Stored entries:
^^^^^^^^^^^^^^^^

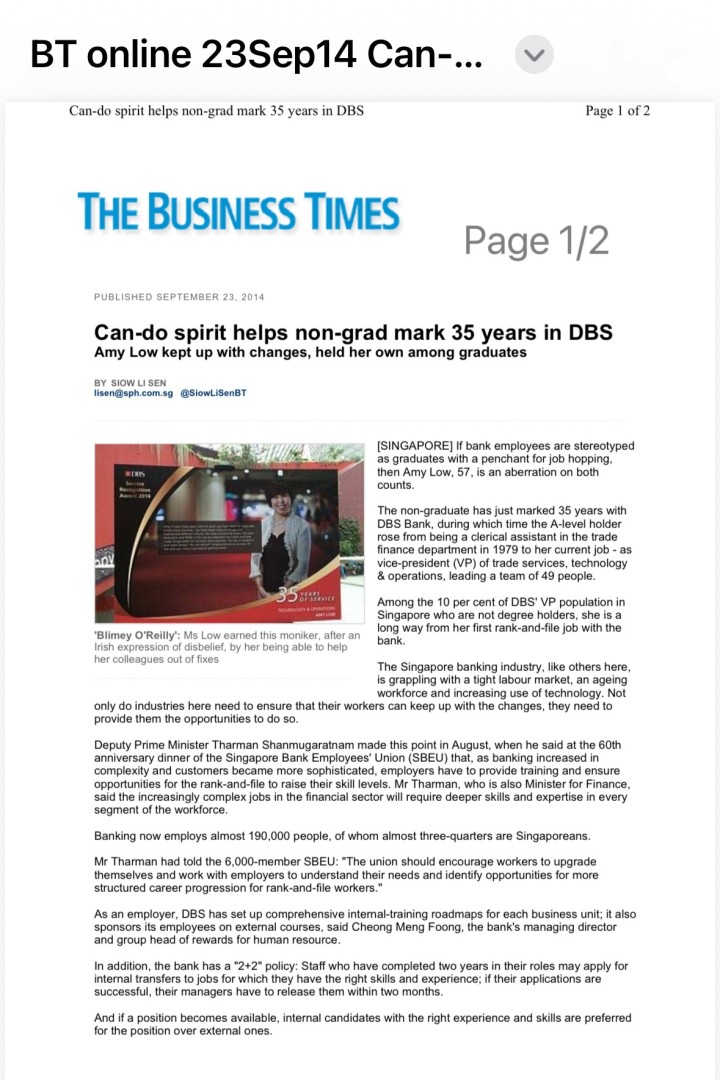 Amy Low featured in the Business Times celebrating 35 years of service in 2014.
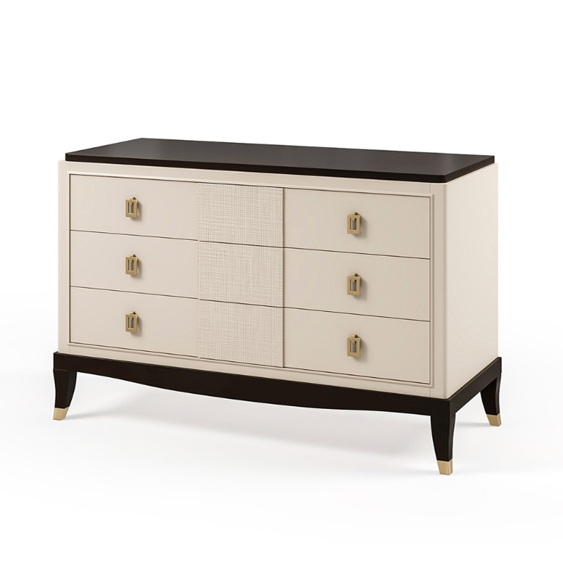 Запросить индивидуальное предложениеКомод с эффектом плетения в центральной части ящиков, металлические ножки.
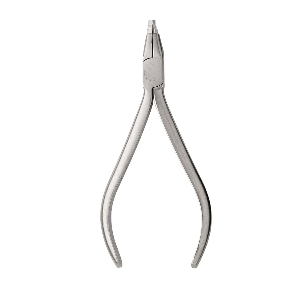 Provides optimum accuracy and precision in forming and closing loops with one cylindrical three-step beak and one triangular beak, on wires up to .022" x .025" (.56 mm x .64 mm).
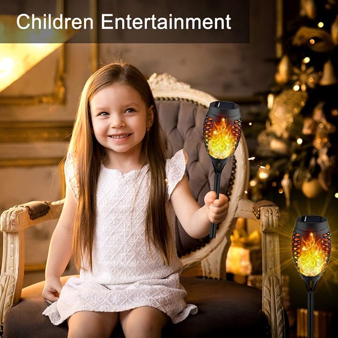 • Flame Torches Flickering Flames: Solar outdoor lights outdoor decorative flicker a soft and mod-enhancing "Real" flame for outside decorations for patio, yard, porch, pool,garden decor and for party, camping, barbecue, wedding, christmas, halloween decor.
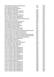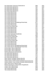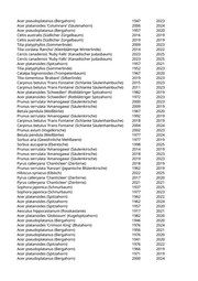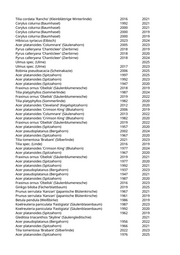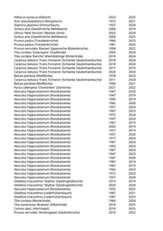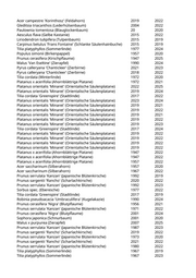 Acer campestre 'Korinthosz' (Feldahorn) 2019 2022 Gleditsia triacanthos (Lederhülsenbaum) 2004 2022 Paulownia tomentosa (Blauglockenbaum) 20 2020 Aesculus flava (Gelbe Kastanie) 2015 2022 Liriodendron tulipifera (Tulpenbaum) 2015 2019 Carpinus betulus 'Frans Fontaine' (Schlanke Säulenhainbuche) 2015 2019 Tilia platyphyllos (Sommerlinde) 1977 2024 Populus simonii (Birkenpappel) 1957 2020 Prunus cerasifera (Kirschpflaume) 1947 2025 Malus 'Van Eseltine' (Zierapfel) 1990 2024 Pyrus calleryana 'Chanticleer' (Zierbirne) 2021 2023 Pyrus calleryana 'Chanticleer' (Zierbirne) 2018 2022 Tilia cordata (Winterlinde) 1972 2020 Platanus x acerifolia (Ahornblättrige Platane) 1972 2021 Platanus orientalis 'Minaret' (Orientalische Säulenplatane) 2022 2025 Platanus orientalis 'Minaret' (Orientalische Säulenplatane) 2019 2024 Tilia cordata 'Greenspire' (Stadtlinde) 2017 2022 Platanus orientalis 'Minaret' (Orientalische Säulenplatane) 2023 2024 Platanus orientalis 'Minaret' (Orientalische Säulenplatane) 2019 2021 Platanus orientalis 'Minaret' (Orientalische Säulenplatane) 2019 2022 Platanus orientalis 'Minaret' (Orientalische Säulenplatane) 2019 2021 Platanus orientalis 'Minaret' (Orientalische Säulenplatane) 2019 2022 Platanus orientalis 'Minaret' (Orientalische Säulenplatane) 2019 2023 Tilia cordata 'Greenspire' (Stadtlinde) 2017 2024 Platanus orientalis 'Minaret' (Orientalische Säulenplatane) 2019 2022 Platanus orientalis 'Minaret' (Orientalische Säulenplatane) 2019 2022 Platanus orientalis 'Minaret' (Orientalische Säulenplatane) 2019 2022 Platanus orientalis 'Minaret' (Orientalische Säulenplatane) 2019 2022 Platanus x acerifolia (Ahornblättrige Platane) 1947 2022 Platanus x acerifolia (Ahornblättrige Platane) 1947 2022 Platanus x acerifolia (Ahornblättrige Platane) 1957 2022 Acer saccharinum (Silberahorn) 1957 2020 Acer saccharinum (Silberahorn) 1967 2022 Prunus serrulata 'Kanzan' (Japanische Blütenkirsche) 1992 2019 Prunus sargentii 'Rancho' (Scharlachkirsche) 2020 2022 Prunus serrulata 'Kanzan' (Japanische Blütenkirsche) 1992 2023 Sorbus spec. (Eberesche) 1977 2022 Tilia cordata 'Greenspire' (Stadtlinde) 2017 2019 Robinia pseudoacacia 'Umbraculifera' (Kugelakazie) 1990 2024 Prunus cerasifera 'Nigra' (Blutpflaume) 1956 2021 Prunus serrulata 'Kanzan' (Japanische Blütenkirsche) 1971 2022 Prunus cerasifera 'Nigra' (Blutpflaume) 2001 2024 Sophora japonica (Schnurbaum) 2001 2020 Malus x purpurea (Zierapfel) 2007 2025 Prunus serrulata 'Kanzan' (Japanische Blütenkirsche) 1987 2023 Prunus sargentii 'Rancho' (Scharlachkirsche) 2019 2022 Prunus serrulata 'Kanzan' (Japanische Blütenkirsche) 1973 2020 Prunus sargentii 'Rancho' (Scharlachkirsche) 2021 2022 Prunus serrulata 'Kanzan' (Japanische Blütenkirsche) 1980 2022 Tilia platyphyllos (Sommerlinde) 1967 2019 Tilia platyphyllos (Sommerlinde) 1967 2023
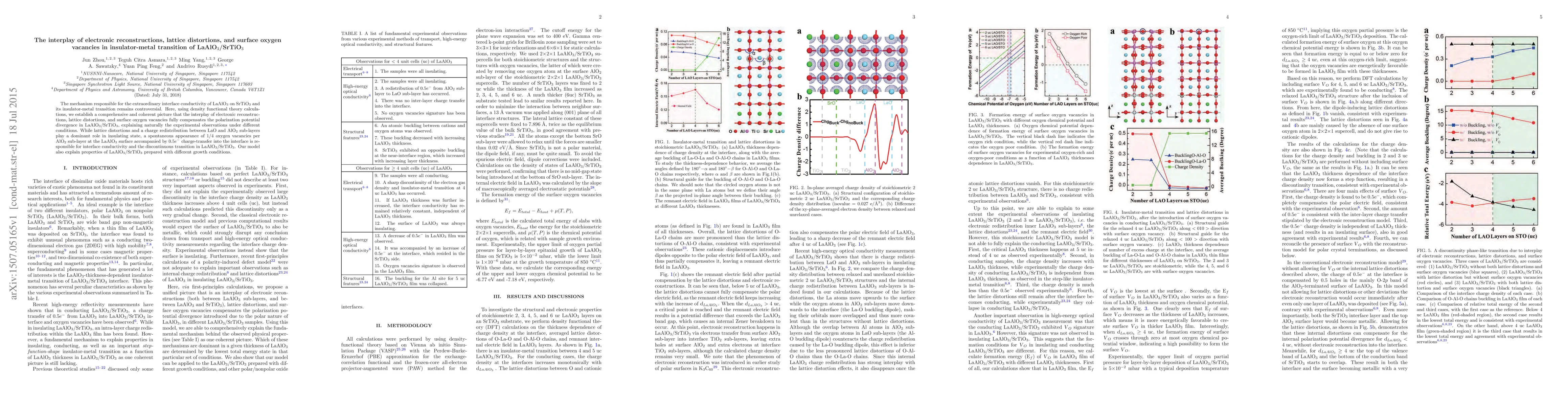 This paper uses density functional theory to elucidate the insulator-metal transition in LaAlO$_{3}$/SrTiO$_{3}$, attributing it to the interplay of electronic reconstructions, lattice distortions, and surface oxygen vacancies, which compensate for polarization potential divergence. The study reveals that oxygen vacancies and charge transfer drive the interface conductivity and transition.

^^^^^^^^^^^^^^^^

EXERCISE INSTRUCTIONS
Print, with pictures removed, exactly the lines of the records above from the top through the line containing "Запросить индивидуальное предложениеКомод".

RESPONSE TO THE EXERCISE
 Amy Low featured in the Business Times celebrating 35 years of service in 2014.
 Запросить индивидуальное предложениеКомод с эффектом плетения в центральной части ящиков, металлические ножки.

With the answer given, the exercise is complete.